How to return flask output to the same html page

Question

I have an html file which reads like this:

<!DOCTYPE html>
<html>
    <head>
    <meta charset="UTF-8">
    <title>Robots Uploader</title>
    <link rel="stylesheet" href="css/style.css">
    </head>
<body>
        <section id="content">
            <section class="module w100P">
                <div id="error_bar" style = "display:none" class="message-bar error">
                    <p><span class="icon">Error:</span> Uh-oh, something broke! <a href="#" class="btn close">Close</a></p>
                </div>
                <div id="success_bar" style="display:none" class="message-bar success">
                    <p><span class="icon">Success:</span> Your changes have been made. <a href="#" class="btn close">Close</a></p>
                </div>

                <div class="module-inner">
                    <h3>DailyHunt Robots Uploader</h3>
                    <div class="module-content frm">
                        <form action="http://localhost:5000/uploadFile" method="post" enctype="multipart/form-data">
                            <table>
                                <tr>
                                    <td>
                                        <select name ="domain">
                                            <option selected>Select Domain</option>
                                            <option value="m">m</option>
                                            <option value="www">www/option>
                                        </select>
                                    </td>
                                    <td>
                                        <input type="file" name="robots" accept='robots.txt'>
                                        <button type="submit">Upload</button>
                                    </td>
                                </tr>
                            </table>
                        </form>
            <form action="http://localhost:5000/uploadApk" method="post" enctype="multipart/form-data">
                <table>
                <tr>
                    <td>
                    Enter APK you want to upload:
                    </td>
                    <td>
                    <input type="file" name="apk">
                    <button type="submit">Upload</button>
                    </td>
                </table>
            </form>
                    </div>
                </div>
            </section>
        </section>
    </section>   
</body>
</html>

on hitting submit, it hits the flask api engine, where the 2 functions to be hit are defined as

@app.route('/uploadFile', methods=['POST'])
def upload_robots():
    domain = request.form.get('domain')
    if not domain:
        return "Domain does not exist"
    f = request.files[ROBOTS_IDENTIFIER]
    if f.filename!=ROBOTS_FILE_NAME:
        return "Incorrect file name. File name has to be robots.txt"
    if domain == 'm':
        robots_file_path = ROBOTS_MOBILE_FILE_PATH
    elif domain == 'www':
        robots_file_path = ROBOTS_WEB_FILE_PATH
    else:
        return "Domain not recognized"
    filename = secure_filename(f.filename)
    if os.path.isfile(robots_file_path + ROBOTS_FILE_NAME):
        folder_name = datetime.utcfromtimestamp(int(os.path.getmtime(robots_file_path + ROBOTS_FILE_NAME))).strftime('%Y-%m-%d %H:%M:%S')
        os.makedirs(robots_file_path + folder_name)
        shutil.move(robots_file_path + ROBOTS_FILE_NAME, robots_file_path + folder_name +'/' + ROBOTS_FILE_NAME)
    f.save(os.path.join(robots_file_path, ROBOTS_FILE_NAME))
    return "file uploaded successfully, This will reflect in prod after the next cron cycle"

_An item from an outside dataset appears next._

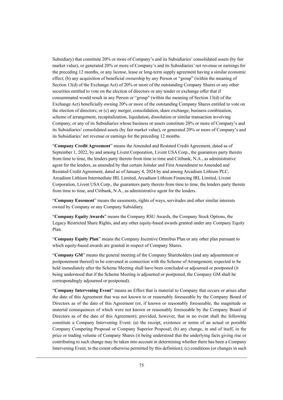 53 MkXi_Z_Who) j^Wj Yedij_jkj[ 0.% eh ceh[ e\ =ecfWdoui WdZ _ji MkXi_Z_Wh_[iu Yedieb_ZWj[Z Wii[ji (Xo \W_h cWha[j lWbk[)* eh ][d[hWj[Z 0.% eh ceh[ e\ =ecfWdoui WdZ _ji MkXi_Z_Wh_[iu d[j h[l[dk[ eh [Whd_d]i \eh j^[ fh[Y[Z_d] /0 cedj^i* eh Wdo b_Y[di[* b[Wi[ eh bed]+j[hc ikffbo W]h[[c[dj ^Wl_d] W i_c_bWh [Yedec_Y [\\[Yj9 (X) Wdo WYgk_i_j_ed e\ X[d[\_Y_Wb emd[hi^_f Xo Wdo J[hied eh r]hekfs (m_j^_d j^[ c[Wd_d] e\ M[Yj_ed /1(Z) e\ j^[ ?nY^Wd][ ;Yj) e\ 0.% eh ceh[ e\ j^[ ekjijWdZ_d] =ecfWdo M^Wh[i eh Wdo ej^[h i[Ykh_j_[i [dj_jb[Z je lej[ ed j^[ [b[Yj_ed e\ Z_h[Yjehi eh Wdo j[dZ[h eh [nY^Wd][ e\\[h j^Wj _\ YedikccWj[Z mekbZ h[ikbj _d Wdo J[hied eh r]hekfs (m_j^_d j^[ c[Wd_d] e\ M[Yj_ed /1(Z) e\ j^[ ?nY^Wd][ ;Yj) X[d[\_Y_Wbbo emd_d] 0.% eh ceh[ e\ j^[ ekjijWdZ_d] =ecfWdo M^Wh[i [dj_jb[Z je lej[ ed j^[ [b[Yj_ed e\ Z_h[Yjehi9 eh (Y) Wdo c[h][h* Yedieb_ZWj_ed* i^Wh[ [nY^Wd][* Xki_d[ii YecX_dWj_ed* iY^[c[ e\ WhhWd][c[dj* h[YWf_jWb_pWj_ed* b_gk_ZWj_ed* Z_iiebkj_ed eh i_c_bWh jhWdiWYj_ed _dlebl_d] =ecfWdo* eh Wdo e\ _ji MkXi_Z_Wh_[i m^ei[ Xki_d[ii eh Wii[ji Yedij_jkj[ 0.% eh ceh[ e\ =ecfWdoui WdZ _ji MkXi_Z_Wh_[iu Yedieb_ZWj[Z Wii[ji (Xo \W_h cWha[j lWbk[)* eh ][d[hWj[Z 0.% eh ceh[ e\ =ecfWdoui WdZ _ji MkXi_Z_Wh_[iu d[j h[l[dk[ eh [Whd_d]i \eh j^[ fh[Y[Z_d] /0 cedj^i, rCompany Credit Agreements c[Wdi j^[ ;c[dZ[Z WdZ L[ijWj[Z =h[Z_j ;]h[[c[dj* ZWj[Z Wi e\ M[fj[cX[h /* 0.00* Xo WdZ Wced] F_l[dj =ehfehWj_ed* F_l[dj OM; =ehf,* j^[ ]kWhWdjehi fWhjo j^[h[je \hec j_c[ je j_c[* j^[ b[dZ[hi fWhjo j^[h[je \hec j_c[ je j_c[ WdZ =_j_XWda* H,;,* Wi WZc_d_ijhWj_l[ W][dj \eh j^[ b[dZ[hi* Wi Wc[dZ[Z Xo j^Wj Y[hjW_d De_dZ[h WdZ @_hij ;c[dZc[dj je ;c[dZ[Z WdZ L[ijWj[Z =h[Z_j ;]h[[c[dj* ZWj[Z Wi e\ DWdkWho 2* 0.02 Xo WdZ Wced] ;hYWZ_kc F_j^_kc JF=* ;hYWZ_kc F_j^_kc Cdj[hc[Z_Wj[ CLF F_c_j[Z* ;hYWZ_kc F_j^_kc @_dWdY_d] CLF F_c_j[Z* F_l[dj =ehfehWj_ed* F_l[dj OM; =ehf,* j^[ ]kWhWdjehi fWhjo j^[h[je \hec j_c[ je j_c[* j^[ b[dZ[hi fWhjo j^[h[je \hec j_c[ je j_c[* WdZ =_j_XWda* H,;,* Wi WZc_d_ijhWj_l[ W][dj \eh j^[ b[dZ[hi, rCompany Easements c[Wdi j^[ [Wi[c[dji* h_]^ji e\ mWoi* i[hl_jkZ[i WdZ ej^[h i_c_bWh _dj[h[iji emd[Z Xo =ecfWdo eh Wdo =ecfWdo MkXi_Z_Who, rCompany Equity Awardss c[Wdi j^[ =ecfWdo LMO ;mWhZi* j^[ =ecfWdo MjeYa Ifj_edi* j^[ F[]WYo L[ijh_Yj[Z M^Wh[ L_]^ji* WdZ Wdo ej^[h [gk_jo+XWi[Z WmWhZi ]hWdj[Z kdZ[h Wdo =ecfWdo ?gk_jo JbWd, rCompany Equity Plans c[Wdi j^[ =ecfWdo CdY[dj_l[ Icd_Xki JbWd eh Wdo ej^[h fbWd fkhikWdj je m^_Y^ [gk_jo+XWi[Z WmWhZi Wh[ ]hWdj[Z _d h[if[Yj e\ =ecfWdo M^Wh[i, rCompany GMs c[Wdi j^[ ][d[hWb c[[j_d] e\ j^[ =ecfWdo M^Wh[^ebZ[hi (WdZ Wdo WZ`ekhdc[dj eh feijfed[c[dj j^[h[e\) je X[ Yedl[d[Z _d Yedd[Yj_ed m_j^ j^[ MY^[c[ e\ ;hhWd][c[dj* [nf[Yj[Z je X[ ^[bZ _cc[Z_Wj[bo W\j[h j^[ MY^[c[ G[[j_d] i^Wbb ^Wl[ X[[d YedYbkZ[Z eh WZ`ekhd[Z eh feijfed[Z (_j X[_d] kdZ[hijeeZ j^Wj _\ j^[ MY^[c[ G[[j_d] _i WZ`ekhd[Z eh feijfed[Z* j^[ =ecfWdo AG i^Wbb X[ Yehh[ifedZ_d]bo WZ`ekhd[Z eh feijfed[Z), rCompany Intervening Events c[Wdi Wd ?\\[Yj j^Wj _i cWj[h_Wb je =ecfWdo j^Wj eYYkhi eh Wh_i[i W\j[h j^[ ZWj[ e\ j^_i ;]h[[c[dj j^Wj mWi dej ademd je eh h[WiedWXbo \eh[i[[WXb[ Xo j^[ =ecfWdo <eWhZ e\ >_h[Yjehi Wi e\ j^[ ZWj[ e\ j^_i ;]h[[c[dj (eh* _\ ademd eh h[WiedWXbo \eh[i[[WXb[* j^[ cW]d_jkZ[ eh cWj[h_Wb Yedi[gk[dY[i e\ m^_Y^ m[h[ dej ademd eh h[WiedWXbo \eh[i[[WXb[ Xo j^[ =ecfWdo <eWhZ e\ >_h[Yjehi Wi e\ j^[ ZWj[ e\ j^_i ;]h[[c[dj)9 fhel_Z[Z* ^em[l[h* j^Wj _d de [l[dj i^Wbb j^[ \ebbem_d] Yedij_jkj[ W =ecfWdo Cdj[hl[d_d] ?l[dj8 (W) j^[ h[Y[_fj* [n_ij[dY[ eh j[hci e\ Wd WYjkWb eh feii_Xb[ =ecfWdo =ecf[j_d] JhefeiWb eh =ecfWdo Mkf[h_eh JhefeiWb9 (X) Wdo Y^Wd][* _d WdZ e\ _ji[b\* _d j^[ fh_Y[ eh jhWZ_d] lebkc[ e\ =ecfWdo M^Wh[i (_j X[_d] kdZ[hijeeZ j^Wj j^[ kdZ[hbo_d] \WYji ]_l_d] h_i[ eh Yedjh_Xkj_d] je ikY^ Y^Wd][ cWo X[ jWa[d _dje WYYekdj _d Z[j[hc_d_d] m^[j^[h j^[h[ ^Wi X[[d W =ecfWdo Cdj[hl[d_d] ?l[dj* je j^[ [nj[dj ej^[hm_i[ f[hc_jj[Z Xo j^_i Z[\_d_j_ed)9 (Y) YedZ_j_edi (eh Y^Wd][i _d ikY^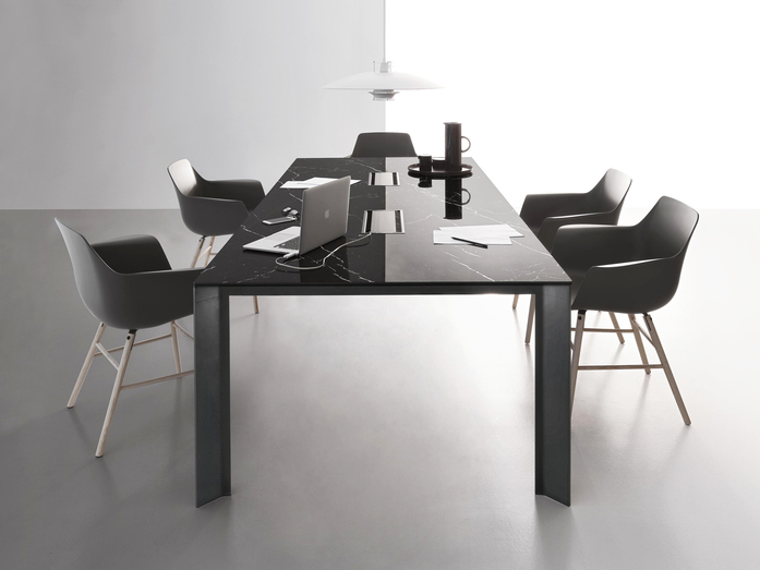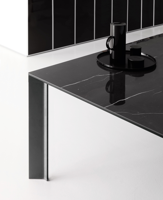 The DV903 series enriches its finish options with the new “porcelain stoneware” tables, in the “extra-white” and black “marquinia” versions.

@app.route('/uploadApk', methods=['POST'])
def upload_apk():
    f = request.files[APK_IDENTIFIER]
    if f.filename.split('.')[-1] != 'apk':
        return "upload file type must be apk"
    filename = secure_filename(f.filename)
    fname = '.'.join(f.filename.split('.')[0:-1])
    rename = False
    while os.path.isfile(APK_FILE_PATH + fname + '.apk'):
        rename = True
        fname += '_'
    if rename:
        shutil.move(APK_FILE_PATH + f.filename, APK_FILE_PATH + fname + '.apk')
    f.save(os.path.join(APK_FILE_PATH, filename))
    return "APK uploaded successfully"

Now when I hit submit the api returns some texts and it gets directed to a new page with just the text rendered. I would like this to remain in the same page and display the error_bar or success_bar divs in the html rather than it being redirected to a new page. Is it possible to achieve this without rendering a template or creating a new static html page?

Answer 1

Let's assume that your current page is: index.html.

I thought about two ways for resolving.

• The first way, After making request to your API, just render_template index.html again, including extra data (error=True/False, message=...) and you have update your index.html to check condition when receive extra data to display the error/success message.

  => By this way, you should modify the template and use Flask's render_template. I prefer this way because of having control of the template (index.html) it just needs small update.

• The second way, make request by using AJAX (XHR), when click submit button, you prevent the default form submit and use AJAX to request, then receive response and display the message. The AJAX script can stay in index.html or another *.js where your index.html can locate.

  => By this way, you are working in non-Flask dependent way, by using Ajax you make request and modify the document (index.html) by using a little Javascript.